C’est la première fois que le saxophoniste se produit à Coutances, et il le pose d’emblée : « c’est le seul festival mondial où je n’ai pas joué ». Dont acte. Donc il veut bien faire, et il fait bien.
Son hommage est parfait, peut être trop démonstratif.
Après un premier morceau assumé par le saxophoniste comme étant « en force et rapidité », il continue avec une prière de guérison puis une ode à la fraternité des hommes, réminiscence des chants juifs de son enfance, qu’il réussit à associer à sa part de créolité.

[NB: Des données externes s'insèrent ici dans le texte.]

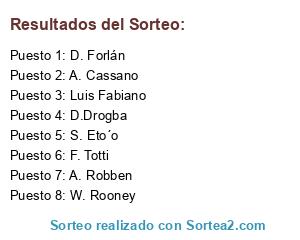 Lista de participantes: W. Rooney, D. Forlán, F. Totti, A. Cassano, A. Robben, S. Eto´o, Luis Fabiano, D.Drogba.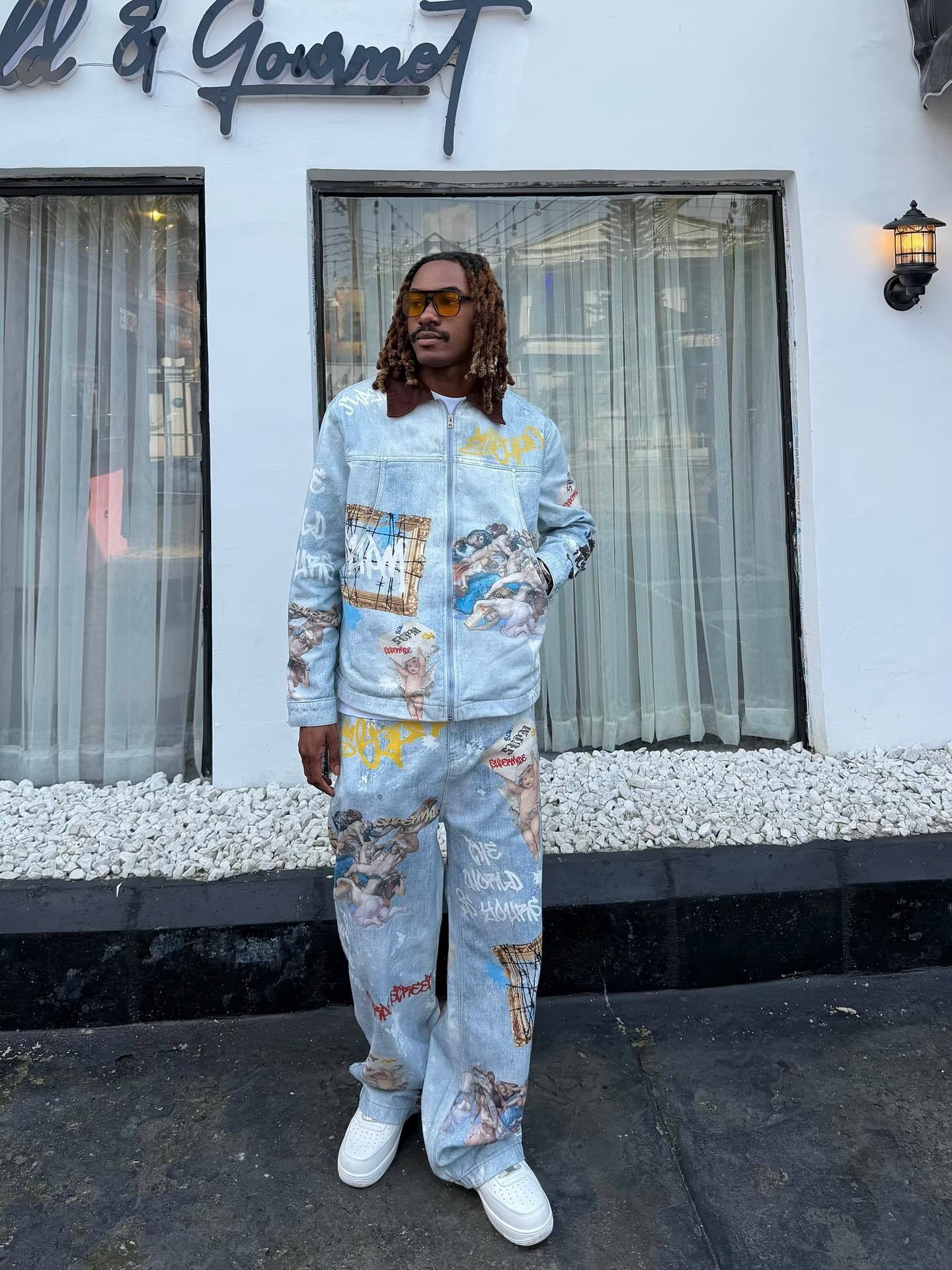 Artistic Patches Graphic Distressed Denim Jacket - 2573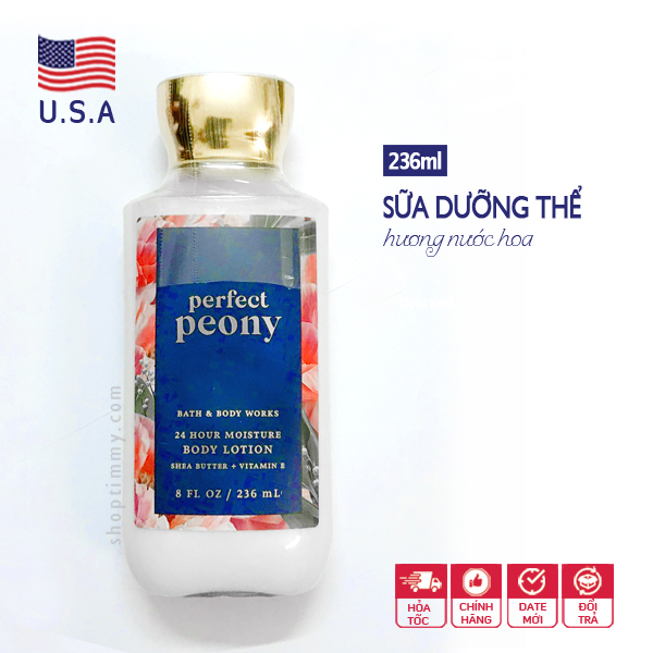 Sữa dưỡng thể Perfect Peony - Bath and Body Works thẩm thấu rất nhanh qua da, làm mềm da, mịn da mà không rít dính, thành phần chủ đạo bơ hạt mỡ, tinh dầu jojoba, vitamin E nuôi dưỡng và bảo vệ da, cung cấp siêu dưỡng chất và độ ẩm cho làn da suốt 24 tiếng.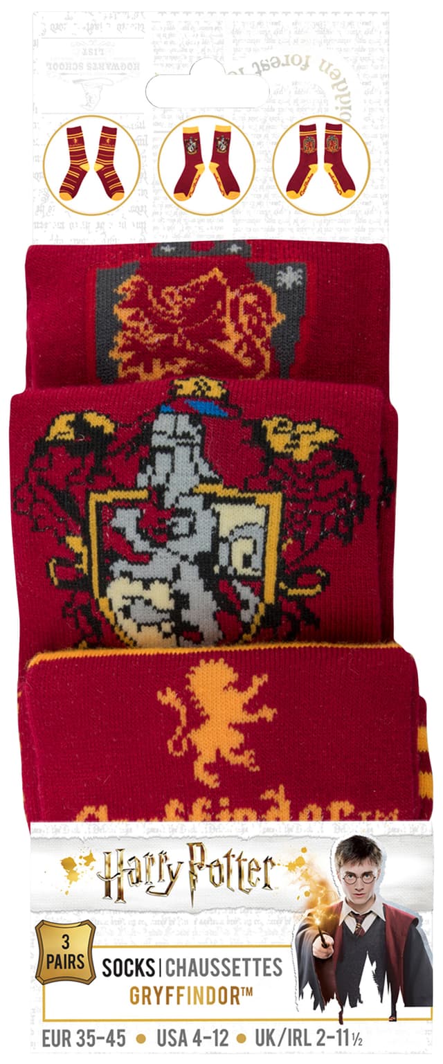 Vis hvilket hus du tilhører med Galtvort sett med 3 par sokker. De tre parene med sokker i størrelse 35-45 har farger og emblem fra Griffing-huset.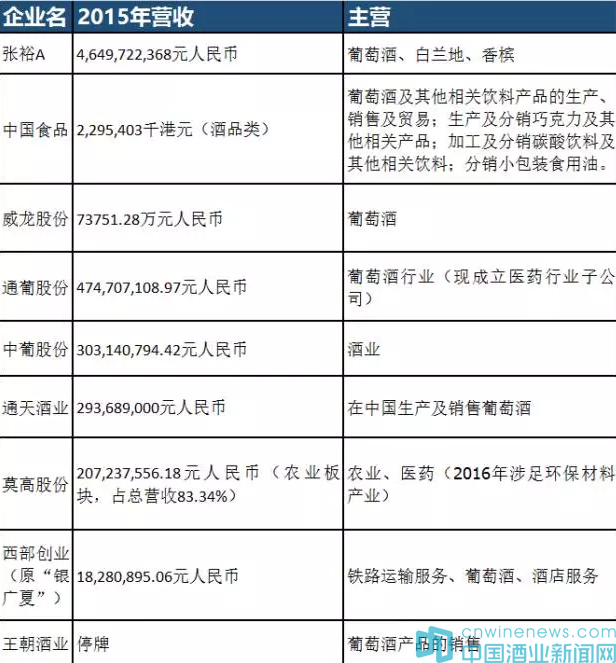 事實的確如此。以上市企業(含港股)為例,銷售額排名第一位的張裕,其2015年營收達到46.49億元人民幣,是排名第二的中國食品酒類業績近1.5倍(中國食品酒類板塊2015年營收為22.95億港元)。而排名靠后、多元化發展的莫高股份農業板塊為2.07億元人民幣,西部創業(原“銀廣夏”)為1828萬元人民幣。張裕是前者的20倍,后者的254倍。前述欲進入醫藥行業的通葡股份,其2015年營收為4.74億元人民幣,也僅占張裕同期業績10%左右。

Jacques Schwarz-Bart sait s’entourer, et Arnaud Dolmen enchante par une batterie puissante et posée.
Un duo batterie-sax sur une prière marocaine commence à nous emporter avant que la pédale d’effet sur le saxophone ne vienne nous remettre sur terre. Dommage.

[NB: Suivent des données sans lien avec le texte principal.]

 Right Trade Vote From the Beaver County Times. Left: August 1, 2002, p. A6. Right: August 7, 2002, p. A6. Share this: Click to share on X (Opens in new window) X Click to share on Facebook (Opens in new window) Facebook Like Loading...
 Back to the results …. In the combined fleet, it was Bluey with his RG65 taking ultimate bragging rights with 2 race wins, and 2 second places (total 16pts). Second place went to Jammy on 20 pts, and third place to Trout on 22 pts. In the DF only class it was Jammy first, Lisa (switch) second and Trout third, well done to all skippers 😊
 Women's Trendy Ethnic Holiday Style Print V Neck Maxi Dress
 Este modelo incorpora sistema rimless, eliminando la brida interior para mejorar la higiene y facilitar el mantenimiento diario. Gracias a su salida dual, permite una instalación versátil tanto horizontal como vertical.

Les solos de Stéphane Kerecki à la contrebasse viennent quand même nous étourdir.
Mais c’est finalement Grégory Privat qui donne la tonalité de célébration mystique et fraternelle à la soirée.
Chacune de ses notes semble être un hommage et on trépigne sur notre fauteuil en même temps que lui pendant ses solos virtuoses et profonds.
Jacques Schwarz-Bart voulait une célébration plus qu’un mémorial et en ce sens il a réussit.
On ressort du concert la conscience éveillée, avec l’envie de ne pas oublier ces traditions multiples, vivantes et créatives.
Vous pouvez retrouver cet hommage sur le disque « Hazzan » (qui désigne en hébreu le chantre de synagogue) (sorti en 2018 chez Enja Yellowbird).
A 22h, c’est au tour d’Angélique Kidjo de célébrer, dans la grande salle Marcel Hélie, débordante de spectateurs.
Angélique Kidjo n’est pas dans l’hommage, elle est dans l’engagement.
Elle vient dans une formation très épurée à Coutances, avec un étonnant et redoutablement efficace duo acoustique, Dominic James à la guitare et Marcos Lopez aux percussions.
Une prise de risque magnifique qui fait oublier dans la seconde que l’on a affaire à l’une des grandes stars planétaires de la chanson.
Angélique Kidjo parle d’engagement, le chante et l’incarne.
On tremble beaucoup pendant le concert. On tremble d’émotion devant une reprise des « petits riens » de Gainsbourg, où elle chante seule avec son guitariste Dominic James.
On tremble aussi à ses prises de paroles entre les chansons, où la star nous raconte son parcours étonnant, fait de fuite face à la dictature béninoise, et de rencontres dans le Paris des années 1980 et ensuite dans le monde entier.
On tremble encore devant son chant hommage aux femmes de sa vie, sa mère et sa grand mère.
Et son prêche enflammé sur l’importance de l’éducation. Toujours dans la joie, même sur les sujets les plus graves.
Cette joie et cette force sont parfaitement illustrées par sa reprise de « Ne me quitte pas » qui commence en guitare-voix et qu’elle ose terminer en fête. Tout cela pour nous rappeler sa rencontre avec Nina Simone.
Erik Truffaz vient l’accompagner sur quelques morceaux. Il est étonnement discret, humble et évidemment poétique et émouvant.
Le public, qui avait l’air pourtant sage termine debout, dansant et chantant sur les reprises de Celia Cruz et Miriam Makeba.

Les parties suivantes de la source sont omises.